The records:
|---|

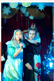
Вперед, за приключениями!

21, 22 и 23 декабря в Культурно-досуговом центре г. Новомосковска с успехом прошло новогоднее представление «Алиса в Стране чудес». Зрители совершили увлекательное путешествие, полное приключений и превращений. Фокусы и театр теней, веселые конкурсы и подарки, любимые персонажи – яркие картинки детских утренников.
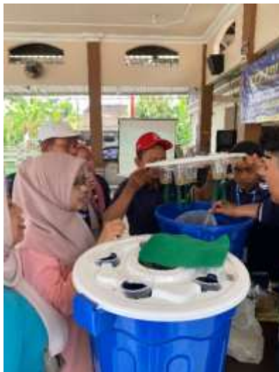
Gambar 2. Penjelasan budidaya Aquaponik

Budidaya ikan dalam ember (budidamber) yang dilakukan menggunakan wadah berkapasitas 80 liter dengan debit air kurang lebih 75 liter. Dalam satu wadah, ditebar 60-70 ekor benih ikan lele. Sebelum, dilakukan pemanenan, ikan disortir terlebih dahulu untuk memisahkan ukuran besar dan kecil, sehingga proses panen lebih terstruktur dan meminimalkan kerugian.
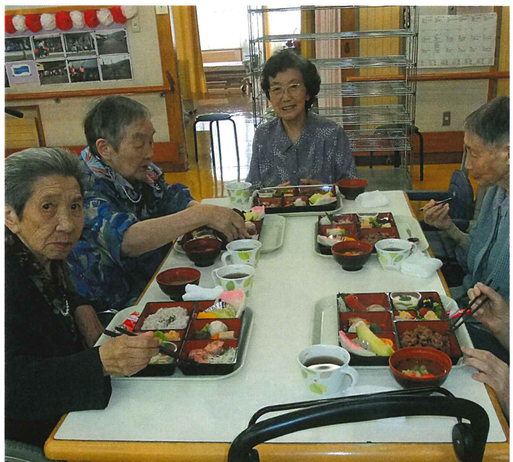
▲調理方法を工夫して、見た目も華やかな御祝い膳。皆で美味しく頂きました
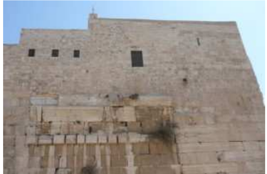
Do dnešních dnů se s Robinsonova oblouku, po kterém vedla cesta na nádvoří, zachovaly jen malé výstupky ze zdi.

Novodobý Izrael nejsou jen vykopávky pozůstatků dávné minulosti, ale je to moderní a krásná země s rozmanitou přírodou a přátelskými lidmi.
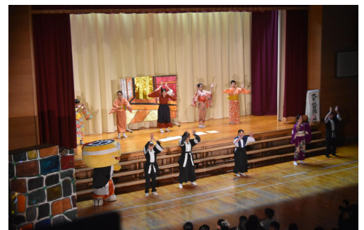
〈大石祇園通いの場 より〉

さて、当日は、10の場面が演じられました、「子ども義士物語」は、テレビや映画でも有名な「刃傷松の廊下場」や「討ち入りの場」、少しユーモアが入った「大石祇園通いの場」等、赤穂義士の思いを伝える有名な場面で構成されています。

|---|

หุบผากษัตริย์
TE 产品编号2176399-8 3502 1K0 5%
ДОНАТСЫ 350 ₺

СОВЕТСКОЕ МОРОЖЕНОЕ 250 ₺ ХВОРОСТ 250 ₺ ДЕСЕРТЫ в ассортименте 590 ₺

|---|

In the material above, find every line that has the string "大石祇園通いの場" and pull those lines out.

〈大石祇園通いの場 より〉
さて、当日は、10の場面が演じられました、「子ども義士物語」は、テレビや映画でも有名な「刃傷松の廊下場」や「討ち入りの場」、少しユーモアが入った「大石祇園通いの場」等、赤穂義士の思いを伝える有名な場面で構成されています。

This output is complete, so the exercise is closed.